Eventually we'll face the fact cores won't get any faster and that even phones will have a dozen of them.

Porting our code to run well on such machines is a bet people should start making.


... or a bet that vendors should start making.

Intel could sell bottom bin Xeon Phi chips as development systems. I don't care if half the cores have failed testing and are masked off or it won't run at full speed.


I would love if they did that.

Developers always have the computers of the future on their desks.

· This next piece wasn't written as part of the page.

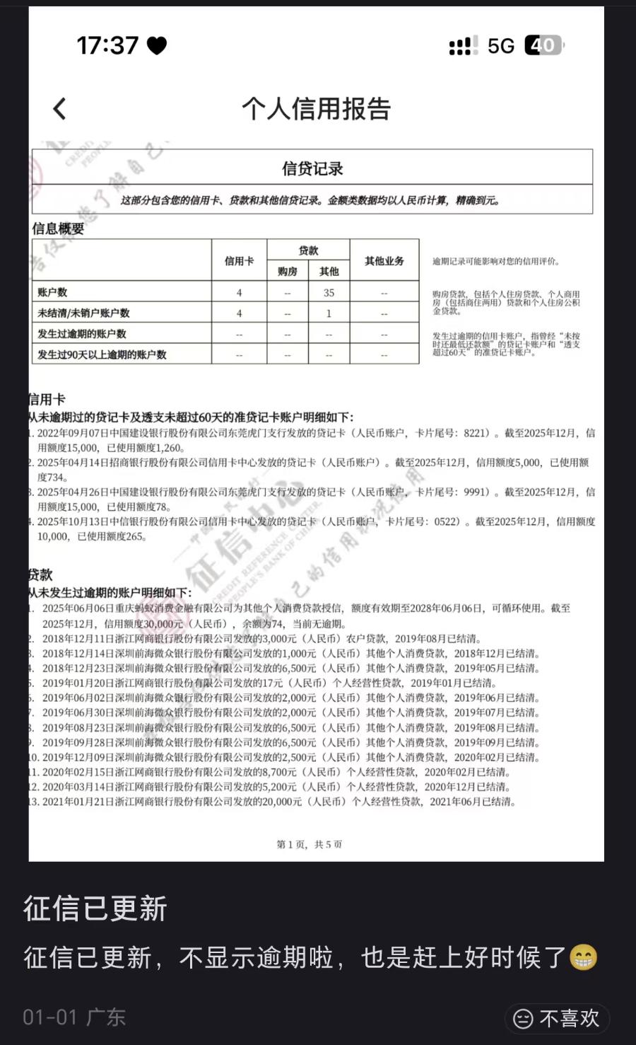 来自山西的王先生于社交平台发帖表示:“元旦早上查了一下征信确实已经没有逾期了。”来自广东的李女士也发帖称:“征信已更新,不显示逾期啦,也是赶上好时候了!”

If Intel wants Phi to be part of that future, they'd better put them on developers' desks.


Considering that even my far-from-flagship phone has an eight-core processor, I wouldn't be surprised to see a 12-core in the near future.

Sure, but that's more like dual-quad (since no one uses Asymmetrical MultiProcessing).

Which is also another bet people should start making.

Most of the time, my laptop is doing workloads that would leave an Atom bored to death, but when I need it, I sure love those i7 cores.

I would gladly sacrifice one i7 core for 4 Atom ones, provided the OS knew what to do with them.


Yeah, it's a latency vs power vs parallelism issue

This is one reason why WinRT initially only had async APIs.

Wasn't Phi more of an HPC/machine learning solution, not a server solution?

I don't think they target the same kind of applications anyway.